# Excerpts from a dataset:
□ □ □ □ □
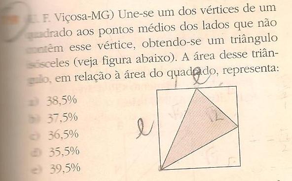 Então o percentual do triângulo em destaque é 100% - 62,5% = 37,5%
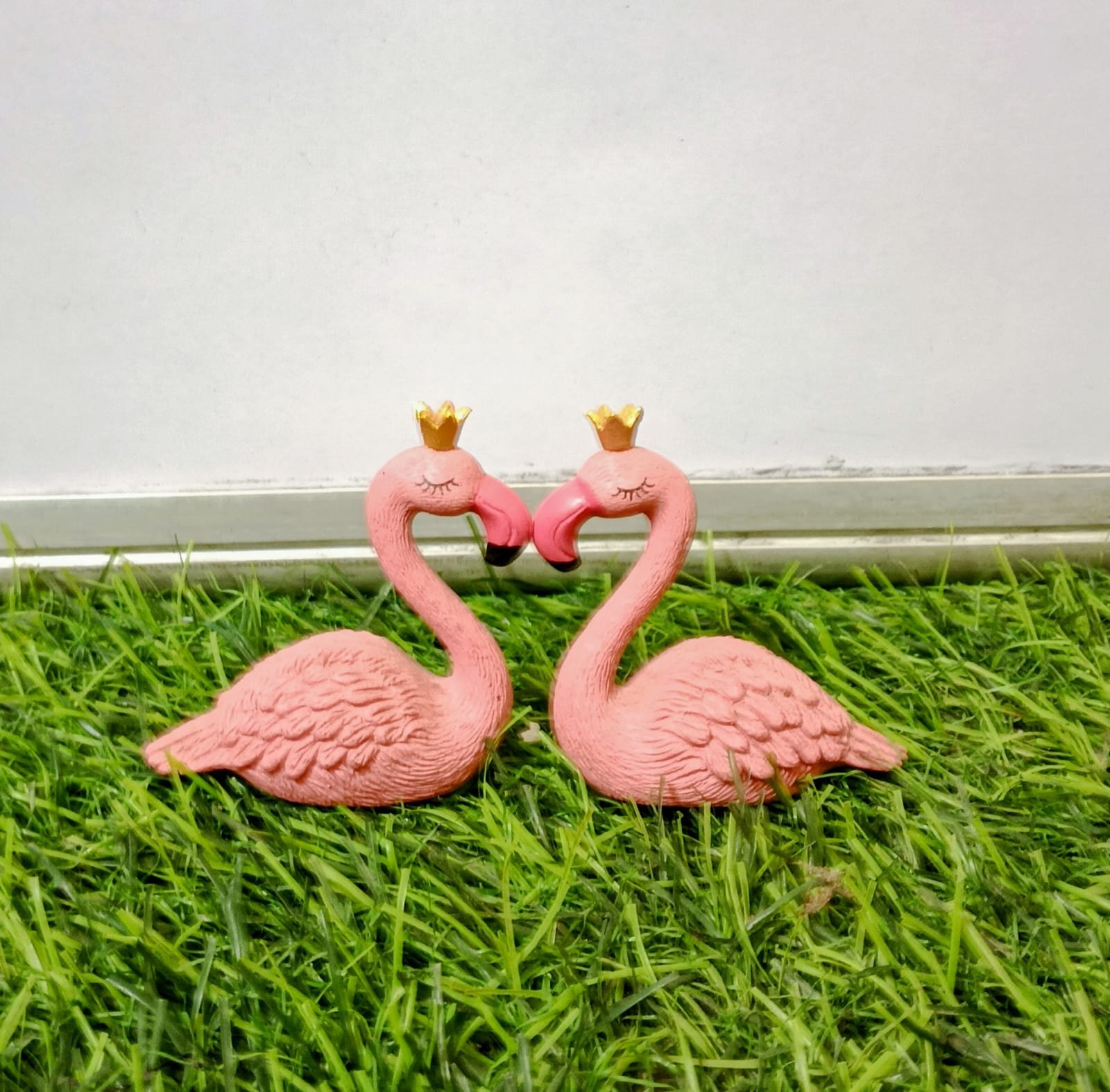 Set of two adorable coral pink resin flamingo figurines designed to form a kissing heart shape, each wearing a tiny gold crown. Perfect for adding a romantic, tropical, and whimsical touch to any desk, shelf, or miniature garden.
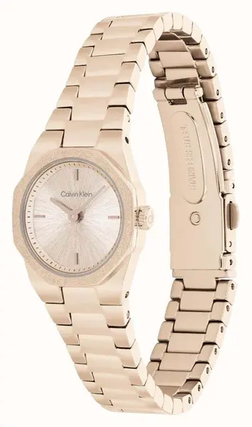 שעון יד קלווין קליין בעל מראה אלגנטי מעוצב בעיצוב ייחודי.
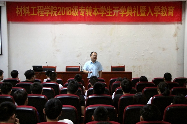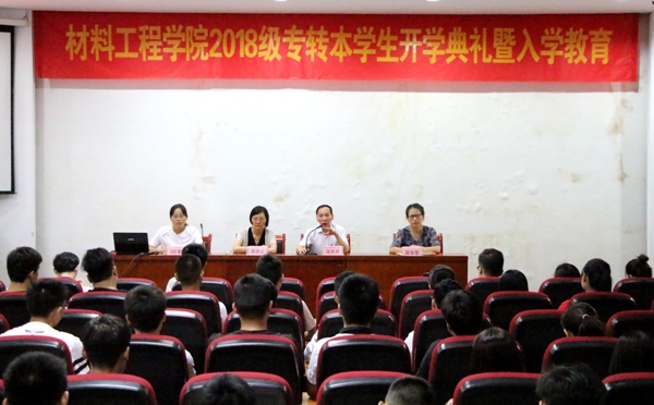 为让2018级专转本新生更加了解所学专业,树立正确的目标。2018年9月2日上午9点,williamhill威廉希尔在招就处报告厅开展2018级专转本新生开学典礼暨入学教育。williamhill威廉希尔党总支书记陆秋林、院长郝凌云、党总支副书记副书记陈智慧出席会议,材料系主任林青、材料系教研室主任王威、全体辅导员和18级专转本班班主任参加。
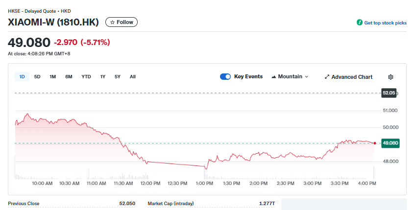 - Xiaomi stock fell 5.71% on October 13 following reports of a fatal SU7 EV crash in Chengdu, China.
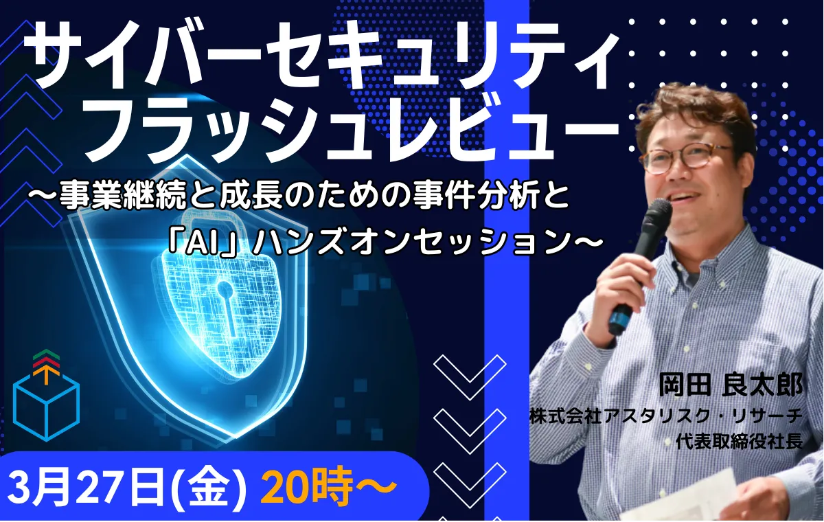 サイバーセキュリティ・フラッシュレビュー ~事業継続と成長のための事件分析と「AI」ハンズオンセッション~ インストラクター 岡田 良太郎 株式会社アスタリスク・リサーチ 代表取締役社長 |
□ □ □ □ □
# What the task requires:
Each line above that falls between the line with "Set of two adorable" and the line with "שעון יד קלווין" should be printed exactly, together with those two lines, but the pictures should not.

# Finished task:
 Set of two adorable coral pink resin flamingo figurines designed to form a kissing heart shape, each wearing a tiny gold crown. Perfect for adding a romantic, tropical, and whimsical touch to any desk, shelf, or miniature garden.
 שעון יד קלווין קליין בעל מראה אלגנטי מעוצב בעיצוב ייחודי.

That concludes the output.